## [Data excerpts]

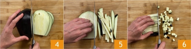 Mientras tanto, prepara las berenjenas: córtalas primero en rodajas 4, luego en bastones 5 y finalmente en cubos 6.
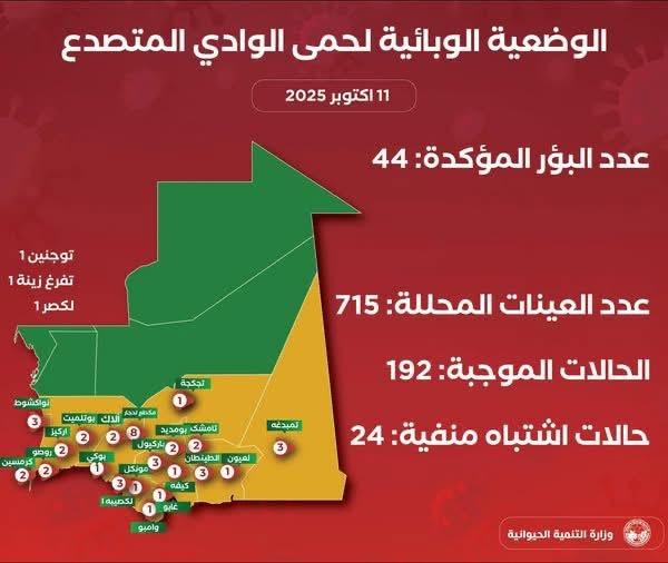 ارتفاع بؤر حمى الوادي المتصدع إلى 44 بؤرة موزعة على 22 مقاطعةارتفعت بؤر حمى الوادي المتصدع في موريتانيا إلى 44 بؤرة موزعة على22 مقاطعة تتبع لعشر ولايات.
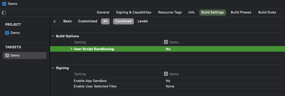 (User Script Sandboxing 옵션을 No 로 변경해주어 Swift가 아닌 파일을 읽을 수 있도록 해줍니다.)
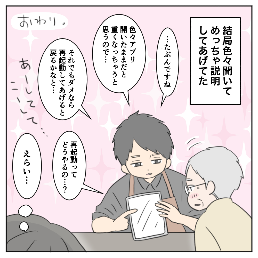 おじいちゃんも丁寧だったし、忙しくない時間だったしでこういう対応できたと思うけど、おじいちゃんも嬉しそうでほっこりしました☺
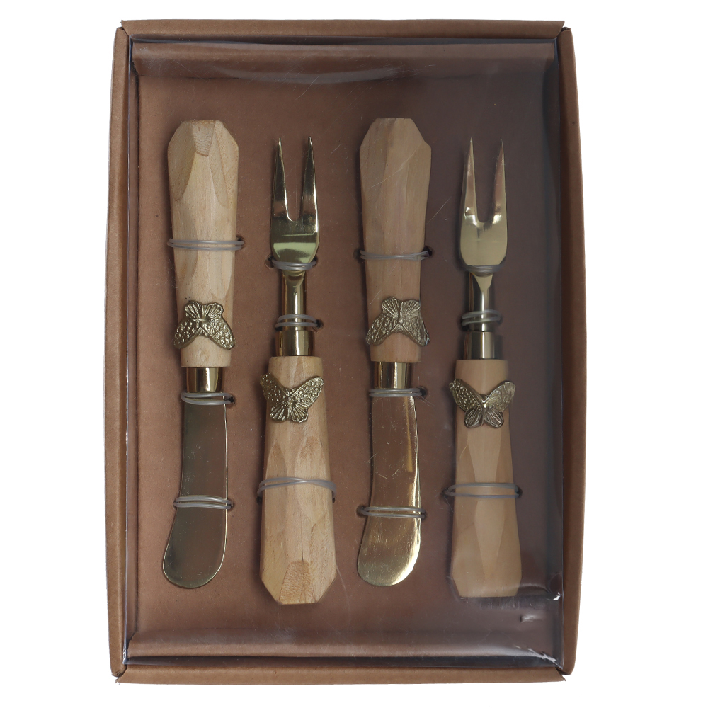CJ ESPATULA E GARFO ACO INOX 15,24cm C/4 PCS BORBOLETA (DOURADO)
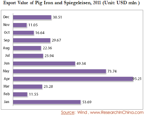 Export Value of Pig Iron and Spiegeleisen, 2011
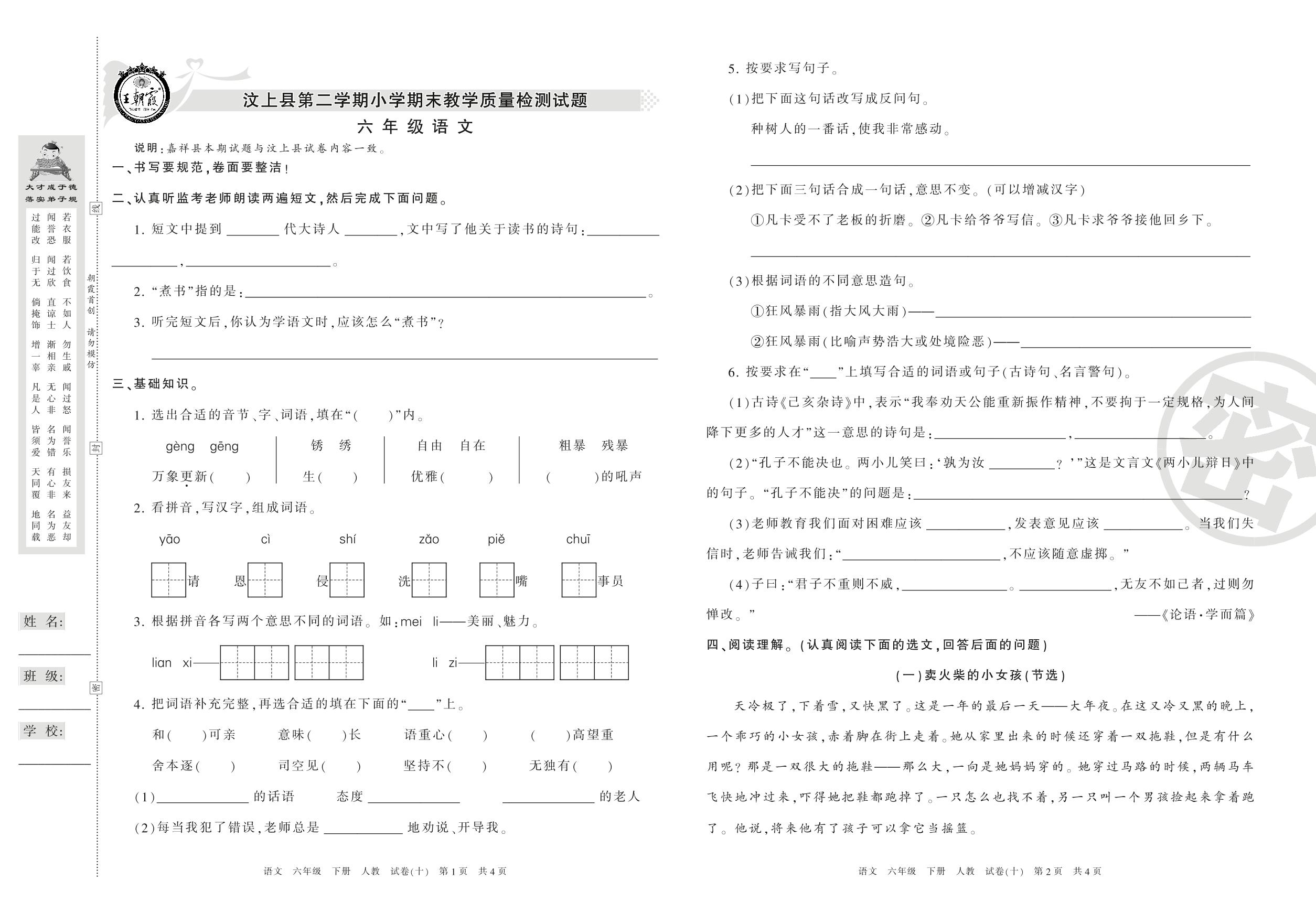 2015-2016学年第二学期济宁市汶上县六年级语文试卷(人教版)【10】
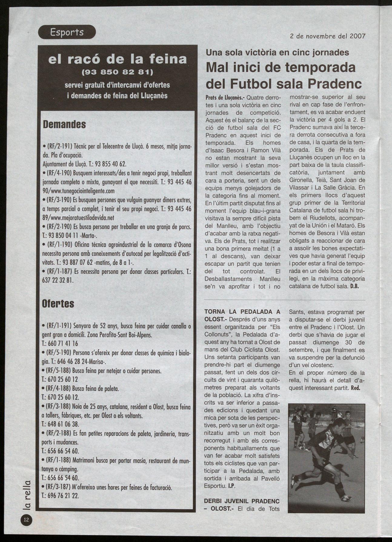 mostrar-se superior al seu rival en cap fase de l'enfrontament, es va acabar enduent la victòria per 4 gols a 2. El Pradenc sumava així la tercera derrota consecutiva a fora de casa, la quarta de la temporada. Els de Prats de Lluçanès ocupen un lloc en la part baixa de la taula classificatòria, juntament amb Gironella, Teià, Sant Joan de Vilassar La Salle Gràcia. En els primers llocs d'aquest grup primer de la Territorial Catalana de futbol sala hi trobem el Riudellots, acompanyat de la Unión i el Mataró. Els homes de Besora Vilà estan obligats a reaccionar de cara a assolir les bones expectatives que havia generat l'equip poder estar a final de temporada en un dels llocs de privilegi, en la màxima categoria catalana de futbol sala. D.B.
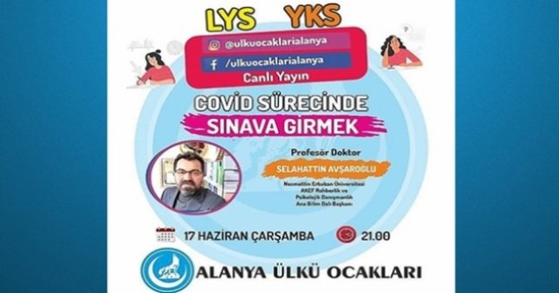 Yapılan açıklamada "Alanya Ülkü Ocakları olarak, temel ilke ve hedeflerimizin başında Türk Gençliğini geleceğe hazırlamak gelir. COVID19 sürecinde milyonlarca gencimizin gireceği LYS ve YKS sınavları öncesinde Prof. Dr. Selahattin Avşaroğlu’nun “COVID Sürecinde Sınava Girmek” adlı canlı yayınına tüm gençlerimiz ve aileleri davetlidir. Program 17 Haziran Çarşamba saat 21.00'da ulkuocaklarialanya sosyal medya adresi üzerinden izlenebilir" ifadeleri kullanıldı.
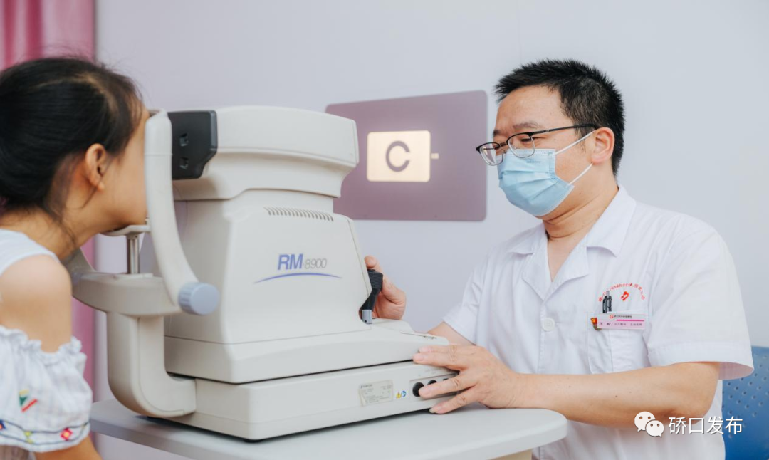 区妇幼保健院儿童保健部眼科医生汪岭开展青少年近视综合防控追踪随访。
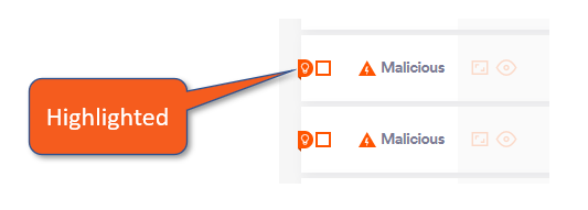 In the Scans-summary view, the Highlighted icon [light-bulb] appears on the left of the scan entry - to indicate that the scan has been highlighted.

## [About this task]
Your copy of the records must match them exactly, except that no pictures appear in it.

## [Task solution]
 Mientras tanto, prepara las berenjenas: córtalas primero en rodajas 4, luego en bastones 5 y finalmente en cubos 6.
 ارتفاع بؤر حمى الوادي المتصدع إلى 44 بؤرة موزعة على 22 مقاطعةارتفعت بؤر حمى الوادي المتصدع في موريتانيا إلى 44 بؤرة موزعة على22 مقاطعة تتبع لعشر ولايات.
 (User Script Sandboxing 옵션을 No 로 변경해주어 Swift가 아닌 파일을 읽을 수 있도록 해줍니다.)
 おじいちゃんも丁寧だったし、忙しくない時間だったしでこういう対応できたと思うけど、おじいちゃんも嬉しそうでほっこりしました☺
CJ ESPATULA E GARFO ACO INOX 15,24cm C/4 PCS BORBOLETA (DOURADO)
 Export Value of Pig Iron and Spiegeleisen, 2011
 2015-2016学年第二学期济宁市汶上县六年级语文试卷(人教版)【10】
 mostrar-se superior al seu rival en cap fase de l'enfrontament, es va acabar enduent la victòria per 4 gols a 2. El Pradenc sumava així la tercera derrota consecutiva a fora de casa, la quarta de la temporada. Els de Prats de Lluçanès ocupen un lloc en la part baixa de la taula classificatòria, juntament amb Gironella, Teià, Sant Joan de Vilassar La Salle Gràcia. En els primers llocs d'aquest grup primer de la Territorial Catalana de futbol sala hi trobem el Riudellots, acompanyat de la Unión i el Mataró. Els homes de Besora Vilà estan obligats a reaccionar de cara a assolir les bones expectatives que havia generat l'equip poder estar a final de temporada en un dels llocs de privilegi, en la màxima categoria catalana de futbol sala. D.B.
 Yapılan açıklamada "Alanya Ülkü Ocakları olarak, temel ilke ve hedeflerimizin başında Türk Gençliğini geleceğe hazırlamak gelir. COVID19 sürecinde milyonlarca gencimizin gireceği LYS ve YKS sınavları öncesinde Prof. Dr. Selahattin Avşaroğlu’nun “COVID Sürecinde Sınava Girmek” adlı canlı yayınına tüm gençlerimiz ve aileleri davetlidir. Program 17 Haziran Çarşamba saat 21.00'da ulkuocaklarialanya sosyal medya adresi üzerinden izlenebilir" ifadeleri kullanıldı.
 区妇幼保健院儿童保健部眼科医生汪岭开展青少年近视综合防控追踪随访。
 In the Scans-summary view, the Highlighted icon [light-bulb] appears on the left of the scan entry - to indicate that the scan has been highlighted.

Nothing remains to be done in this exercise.